You may see me as ride staff. I figure to work at least one ride a year. I wont be doing any mountain rides until I get Emma in shape. Will be sticking to SC, might do a ride in FL in dec. My friend here tells me I need to do foxcatcher. I have a saddle on order for Emma. She is so much easier to ride. Bigger faster stronger younger. Hope to get her in shape to see how she does. She's a total lard butt at the moment. Amazing to look at her an Bo next to eachother. Bo looks like a body building muscle dude. Every muscle cut and defined. Emma,, umm kinda going for the walrus look.


----------



## Celeste (Jul 3, 2011)

When I used to ride like you do, both me and the horse I rode way back then had great muscle tone. Now, not so much. Walrus is a bit harsh..........


----------



## phantomhorse13 (Feb 18, 2011)

Joe4d said:


> My friend here tells me I need to do foxcatcher.


If you want to check out the foxcatcher trails, there is the Chesapeake CTR in Sept. While it technically is a CTR, they don't do obstacles and the lay judging is pretty reasonable. I did the 2-day 50 last year on a friend's totally-race brained gelding and it did great things to help tone down that race brain (though boy was I glad to be wearing gloves the first day!!).

The only big difference between it and a normal race was that everyone had to be stalled (stalls at the facility) and there was a set pace (which was something like 6.5-7 mph average if I remember correctly. 

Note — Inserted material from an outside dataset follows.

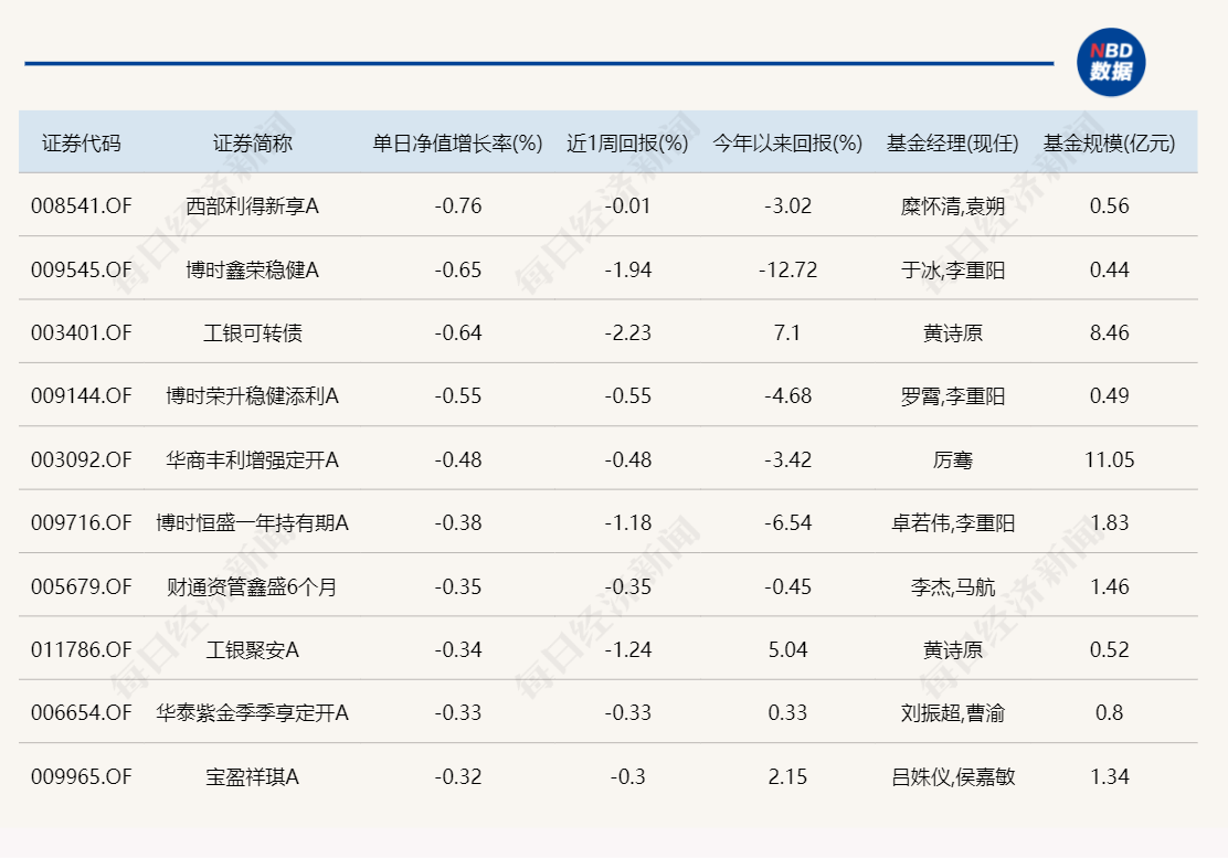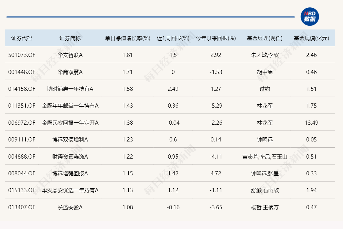 3.单日债基涨跌幅榜

Have to say I saw much more of the actual trail/area during this ride's beginning, as the foxcatcher start generally involves carefully watching those around you to make sure they aren't going to trample you! :lol:


And not sure if you have a ride/rides to volunteer at in mind, but the August RBTR in WV is run by a fantastic group who are a ton of fun. The year I couldn't ride it I went down to work and had a blast.


----------



## Joe4d (Sep 1, 2011)

Another ride, another pull. Just have to face reality that Bo just isnt gonna be an endurance horse. It was hot, but I kept the pace down to 6 mph, took a few water breaks and still couldnt get anywhere near pulsing down at the 15 mile check. WIll start riding Emma now and see how she does. As much as I hate to get back into WTC horses, might have to give it another try.


----------



## Celeste (Jul 3, 2011)

Bummer. Sorry you're having a hard time.


----------



## phantomhorse13 (Feb 18, 2011)

Ugh, sorry to hear that you are still having issues. Was he all cranked up at the start again?


----------



## DancingArabian (Jul 15, 2011)

I don't think you'll need to give up on gaited horses. Why would you?
_Posted via Mobile Device_


----------



## Joe4d (Sep 1, 2011)

Nope, he was perfect at the start. Rode with his training partner. A 5yo TB X, that did act up a little with a bit of light buckng but settled down in about a half mile. Bo was the old hand showing the new guy the ropes. Having a partner at the start let him forget about all the other horses. Shari got the completion, her horse pulsed down with a minute to spare. I had to push her to saddle back up alone in the dark after I got pulled. 
Bo's in as good a shape as I am gonna get him he simply doesnt have the endurance. Even riding him at barely finish speeds, pulsing down is at the very last minute.


----------



## phantomhorse13 (Feb 18, 2011)

How very frustrating for you. Does Emma seem to run cooler than Bo? Hopefully you can use Bo for pleasure rides and focus on Emma for competitions.

Hope to meet you at a ride sometime this season!


----------



## Joe4d (Sep 1, 2011)

No idea havent pushed her any. Only been on a few, "getting to know eachother rides.
Shes a lard butt at the moment. Will start riding her as soon as I get the hitch in my new truck. Shes a much more powerful faster smoother horse. My friend top tenned at the OD 100 on a walker so is giving me hope for the breed, just maybe Bo isnt up for it.


----------



## phantomhorse13 (Feb 18, 2011)

Joe4d said:


> My friend top tenned at the OD 100 on a walker so is giving me hope for the breed, just maybe Bo isnt up for it.


I know she did, as I spent a lot of the day riding with Roberta. Smokey looked great all day.

And from what I heard, Broxton was a hellacious ride metabolically even for a lot of seasoned endurance horses due to the weather. So perhaps trying the same idea of riding slowly with your gf's tb at a ride that isn't 110 would be what Bo needs.

There is a woman (Mary Coleman) who has thousands of miles on exclusively Morgans who talks all the time about 'morgan weather.' If it's not morgan weather, she doesn't ride because she knows her heavier horse will not be able to pulse down. No way in hell was Broxton morgan weather!!


----------



## Celeste (Jul 3, 2011)

Yes. Maybe you are quitting too soon. He is a great horse I'm sure. Unstoppable with tons of heart. It is awfully hot.


----------



## huntfishnride (Jan 25, 2012)

I don't do endurance racing, but have ridden horses in the backcountry for years and pushed them to their limits more often than not. Regardless of breed some animals are tougher than others and can handle the miles and weight better than others. They recover quicker and just hold up to work better even with the same feed and conditioning. I guess people are kind of like that as well. 

We have a 25 year-old TW that still can out work most of our young horses. He is just plain tough. Load him up with a 200 lb man and 40 to 50 pounds of saddle, rifle, coat, saddle bags etc and he can still climb out of the deepest nastiest canyons faster and with less rest that most of our other horses.

My family breeds MFT's and we use different mares/breeding to produce different types of horses. We have one mare in particular that consistently produce horse with exceptional strength and endurance and another that produces exceptional movers, but they don't seem to have the same staying power. Depending on a riders goals one may prefer one over the other.

I could go on but my point is that I wouldn't give up on a breed you prefer based on an experience with a single animal.


----------



## Joe4d (Sep 1, 2011)

Well as soon as I get the hitch in my truck will start riding Ms Emma, I know she is faster and stronger. We will see how she does this winter.


----------